Description

    With 3,225 Hand-Colored Botanical Plates

    William Curtis. Curtis's Botanical Magazine; or, Flower-Garden Displayed. London: Stephen Couchman, 1793-1831.

    39 uniformly bound octavo volumes containing issues 1-58 and the General Indexes. 3,225 hand-colored plates, measuring approximately 5 x 9 inches; some folding plates measuring 11.25 x 9 inches.

    Custom red cloth with gilt spine titles and marbled page edges. Cloth is lightly rubbed and worn with some insect damage, most evident to page edges. Toning and light, scattered foxing throughout. All volumes in very good or better condition.

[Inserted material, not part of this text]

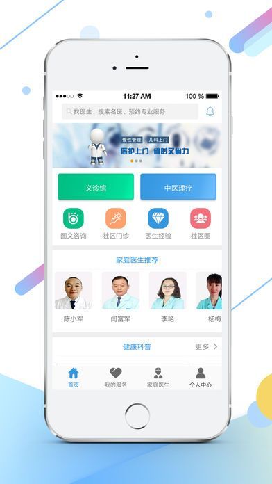 家有健康以家庭医生服务为核心,倡导“预防医学,医养结合”,从居民日常生活习惯、饮食结构等多维度提供优质医疗服务。

    Still in publication, Curtis's Botanical Magazine is the oldest periodical in existence featuring colored plates.


    More Information:

    "The journal was founded by William Curtis (1746-1799). Although his passion for flora and fauna was evident from an early age, he was originally apprenticed as an apothecary. However, having moved from Hampshire to London in 1766 to practise this trade, his botanical interests prevailed and he abandoned his career to earn a precarious living by teaching and writing. His first publication was a pamphlet on collecting and preserving insects. In 1773, he was appointed as Demonstrator of Botany at the Chelsea physic garden. After leaving this post in 1777, he opened his own London Botanic Garden at Lambeth Marsh. He later moved the garden to a more salubrious site at Brompton. Admission to the garden and Curtis's lectures was by an annual subscription of one guinea; a share in plants and seeds could be had for a subscription of two guineas.

     

    "The beautiful hand-colored plates are the chief glory of the magazine. As Curtis states in the preface to the first issue, the plates were drawn 'always from the living plant, and colored as near to nature, as the imperfection of coloring will admit'. With little chance to exert any artistic freedom, each artist had to draw the specimens exactly and accurately in order to create a scientifically authoritative work. Up to volume 70 the plates were created using copper etching, with watercolor being added to each copy. Considering that up to 3,000 copies of each issue (containing an average of 3 plates) were published in the magazine's early years, the impossibility of producing a standard uniformity in the coloring can be appreciated. Different colorists would produce varying results, while even the pigments used were not necessarily consistent in their quality. At one time, some 30 people were engaged in coloring the Botanical Magazine. Not only was this tedious and repetitive work, but low wages did not encourage high standards and there were inevitable fluctuations in care and accuracy. Incredibly, in spite of these problems, the magazine's plates were all hand colored until as late as 1948 when a shortage of colorists forced the periodical to adopt photographic reproduction. Seldom offered in a lot this large and complete."

     

    Glasgow University Library Special Collections Dept.